Metabolism is the primary route of elimination of propofol tenofovir in humans, accounting for > 80% of the oral dose. In vitro studies have shown that propofol tenofovir is metabolized to tenofovir (the major metabolite) by histone proteinase A in PBMCs (including lymphocytes and other HIV target cells) and macrophages and by carboxylesterase-1 in hepatocytes. In in vivo, intracellular hydrolysis of propofol tenofovir generates tenofovir (the major metabolite), which is phosphorylated to form the active metabolite tenofovir diphosphate. In human clinical studies, a 10-mg oral dose of propofol tenofovir (in combination with emtricitabine and everolimus and cobicistat) produced more than four times the concentration of tenofovir diphosphate in PBMC compared with tenofovir dipivoxil (as fumarate) at 245 mg oral dose (in combination with emtricitabine and everolimus and cobicistat), and the plasma tenofovir concentrations were more than 90% lower than those of the former.
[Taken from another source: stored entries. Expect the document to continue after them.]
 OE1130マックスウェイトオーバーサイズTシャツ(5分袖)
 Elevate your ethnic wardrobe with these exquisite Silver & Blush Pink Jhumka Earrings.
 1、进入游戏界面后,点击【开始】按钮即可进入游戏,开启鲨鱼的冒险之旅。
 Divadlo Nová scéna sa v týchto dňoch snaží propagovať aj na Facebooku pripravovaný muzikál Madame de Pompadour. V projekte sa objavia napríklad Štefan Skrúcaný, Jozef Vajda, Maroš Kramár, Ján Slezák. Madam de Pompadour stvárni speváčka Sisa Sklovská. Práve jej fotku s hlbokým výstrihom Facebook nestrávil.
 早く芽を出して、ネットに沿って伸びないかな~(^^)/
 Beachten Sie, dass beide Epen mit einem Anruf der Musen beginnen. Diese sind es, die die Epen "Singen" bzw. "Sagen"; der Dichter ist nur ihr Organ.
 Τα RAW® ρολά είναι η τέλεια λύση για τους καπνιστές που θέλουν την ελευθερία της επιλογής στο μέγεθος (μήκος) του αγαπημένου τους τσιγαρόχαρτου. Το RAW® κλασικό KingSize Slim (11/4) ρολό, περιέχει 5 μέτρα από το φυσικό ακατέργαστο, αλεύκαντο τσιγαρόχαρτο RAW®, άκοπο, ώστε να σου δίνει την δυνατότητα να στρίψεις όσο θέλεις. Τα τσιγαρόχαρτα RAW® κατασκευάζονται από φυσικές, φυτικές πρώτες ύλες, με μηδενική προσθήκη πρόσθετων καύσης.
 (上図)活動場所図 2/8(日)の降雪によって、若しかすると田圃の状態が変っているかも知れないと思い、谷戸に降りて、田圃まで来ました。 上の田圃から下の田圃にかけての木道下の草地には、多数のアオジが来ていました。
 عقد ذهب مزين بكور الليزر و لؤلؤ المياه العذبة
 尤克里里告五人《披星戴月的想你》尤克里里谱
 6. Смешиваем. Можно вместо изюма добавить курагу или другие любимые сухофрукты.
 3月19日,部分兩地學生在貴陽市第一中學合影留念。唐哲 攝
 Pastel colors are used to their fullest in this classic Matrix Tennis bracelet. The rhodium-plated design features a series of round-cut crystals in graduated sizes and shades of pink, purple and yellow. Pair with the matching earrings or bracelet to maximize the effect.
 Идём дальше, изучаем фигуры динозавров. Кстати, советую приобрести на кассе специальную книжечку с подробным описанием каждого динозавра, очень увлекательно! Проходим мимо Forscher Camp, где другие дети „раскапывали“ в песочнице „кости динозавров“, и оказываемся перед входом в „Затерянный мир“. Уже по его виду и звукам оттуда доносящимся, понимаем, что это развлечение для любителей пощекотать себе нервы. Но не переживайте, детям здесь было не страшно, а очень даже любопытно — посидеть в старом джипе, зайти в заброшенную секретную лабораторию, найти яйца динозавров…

In in vitro, propofol tenofovir is not metabolized by CYP1A2, CYP2C8, CYP2C9, CYP2C19, or CYP2D6. Very small amounts of propofol tenofovir are metabolized by CYP3A4. Propofol tenofovir exposure was not significantly affected when combined with the moderate CYP3A inducer probe efavirenz. After propofol tenofovir administration, plasma [¹⁴C]radioactivity exhibited a time-dependent profile, with propofol tenofovir being the most abundant species during the first few hours and uric acid during the rest of the time.

Elimination

Emtricitabine is primarily excreted renally, with the full dose recovered in urine (about 86%) and feces (about 14%). Thirteen percent of the emtricitabine dose was recovered in the urine as three metabolites. The mean systemic clearance of emtricitabine was 307 mL/min. After oral administration, the elimination half-life of emtricitabine was approximately 10 hours.